= Blogging in Myanmar =

In Myanmar (Burma), some blogs started in 2005. The earlier blogs were written in English, as there was no unicode font at that time, so they could not post in their mother language.

After the Zawgyi font was released (created by Alpha Mandalay), Nyi Lynn Seck put the Zawgyi font in his blog and started the Myanmar blog. In 2007, some Myanmar bloggers established the MBS (Myanmar Bloggers Society), and they celebrated with a seminar on September 1, 2007. It is very difficult to write blogs locally because the government banned blog websites after the Saffron Revolution in September 2007. However, despite the ban, bloggers are still writing about the freedom of Myanmar and sharing their knowledge. MBS's slogan is "We blog, we unite."

== History ==
Most Burmese bloggers came from internet forums. At first, topics such as general knowledge and literature were discussed, and poems, essays, and articles were posted on the forums. Blogging was in part of the Politics of Myanmar. The military government has banned Burmese blogs for promoting democracy, and bloggers have been jailed.

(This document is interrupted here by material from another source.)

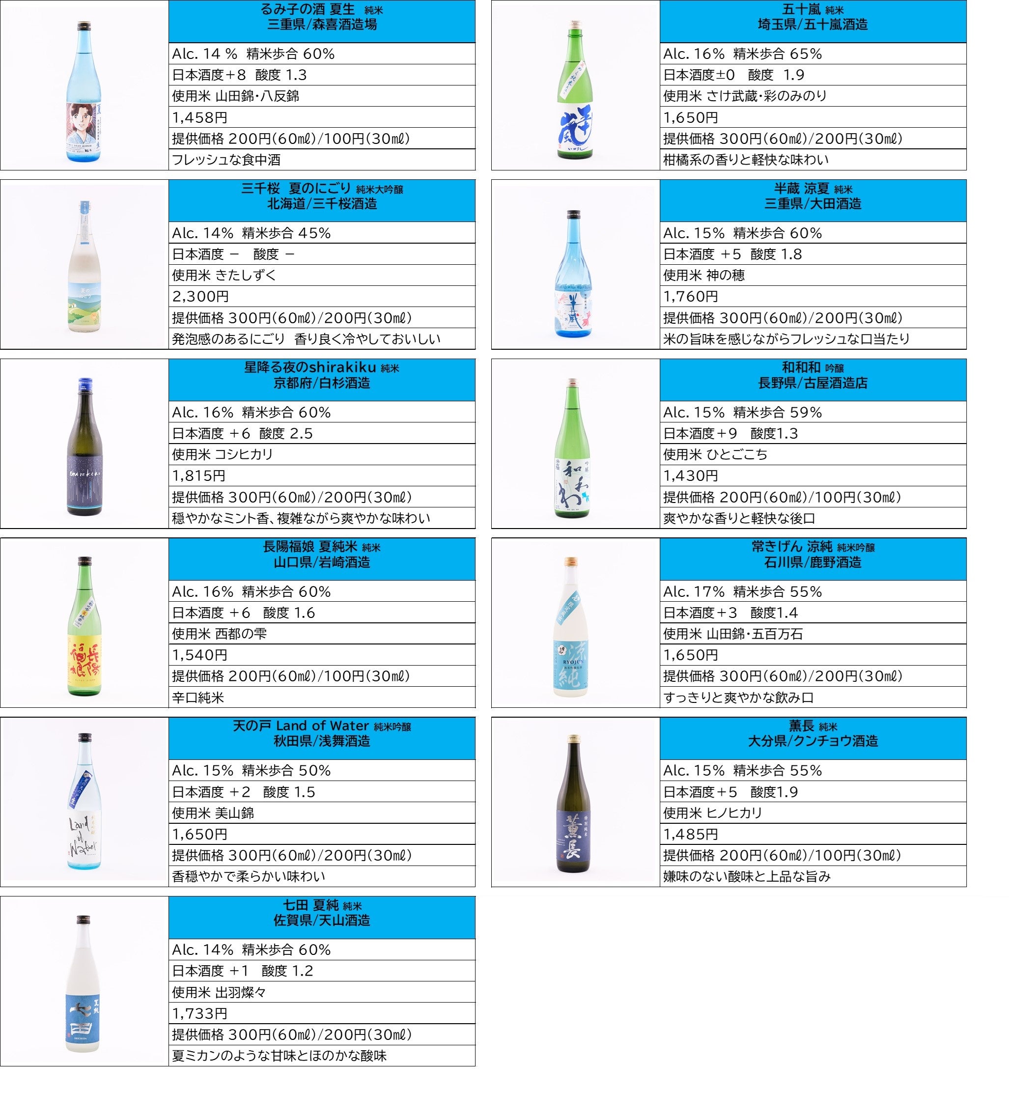 『夏酒』とは、様々な酒蔵が提案する“冷やして楽しむ日本酒”を総称しており、これから暑くなる季節に飲む”旬のお酒”として人気を集めています。冷やしてすっきり飲めるフルーティーな香りの酒をはじめ、爽やかな香りで軽快な飲み口、発泡感のある酒など、バラエティ溢れる味わいとともに涼しげで夏らしいラベルデザインも『夏酒』の魅力とともに楽しむことができます。
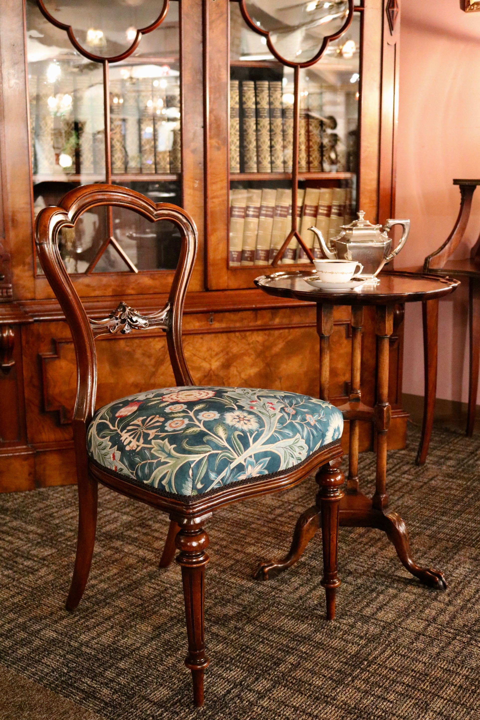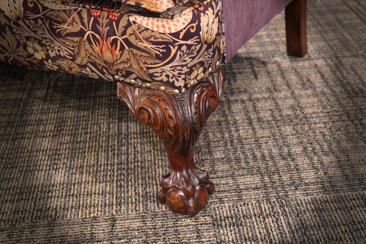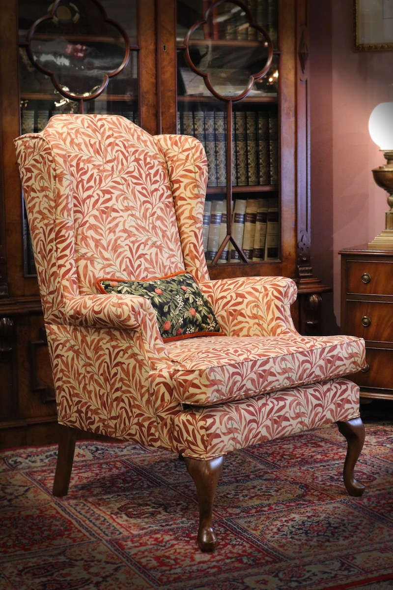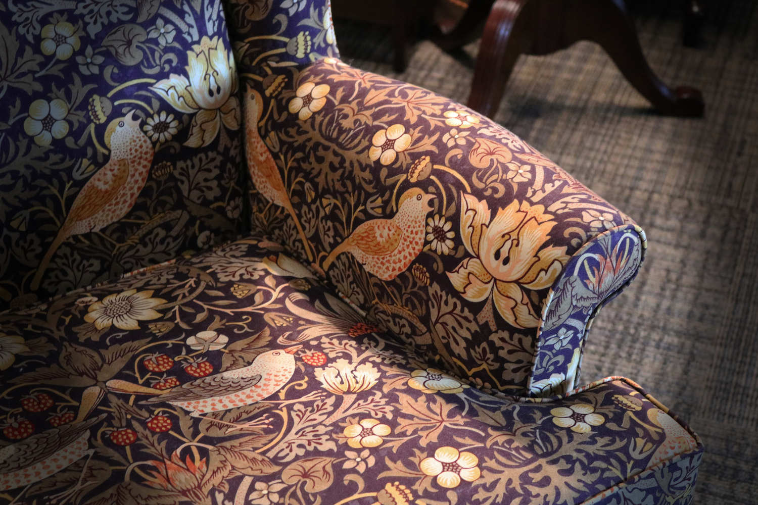 正にモリスの生きた時代である、ヴィクトリアンのバルーンバックチェアーに用いました。長い時を超えて今尚美しいチェアーは、優雅な三つ山の背もたれにアカンサスなど繊細な植物の彫刻が施されています。爽やかなブルー地に華やかな草花が咲き誇る座面。100年以上の時を経てWilhelminaとの組み合わせにロマンを感じます。

Burmese bloggers celebrated the first ever "blog day" in Myanmar at Yangon and Mandalay in 2007. In 2008, Myanmar Blog Press organized the Contest for Best Myanmar Blog Academy Awards 2008.

==Notable bloggers ==
Nay Phone Latt, one of the leading famous bloggers in Myanmar, was sentenced to 20 years in jail for posting a cartoon of the military leader Than Shwe. Later, he became an MP.

Ashin Mettacara, a Burmese Buddhist monk and popular blogger. He was named Nobel Ambassador to the Internet by Internet for Peace.

==Sources==
- Nizza, Mike (2007). "Burmese Government Clamps Down on Internet"
- Nizza, Mike (2007). "Burmese Bloggers Get the Word Out"
- Mettacara, Ashin (2008). "Blogging for Burma"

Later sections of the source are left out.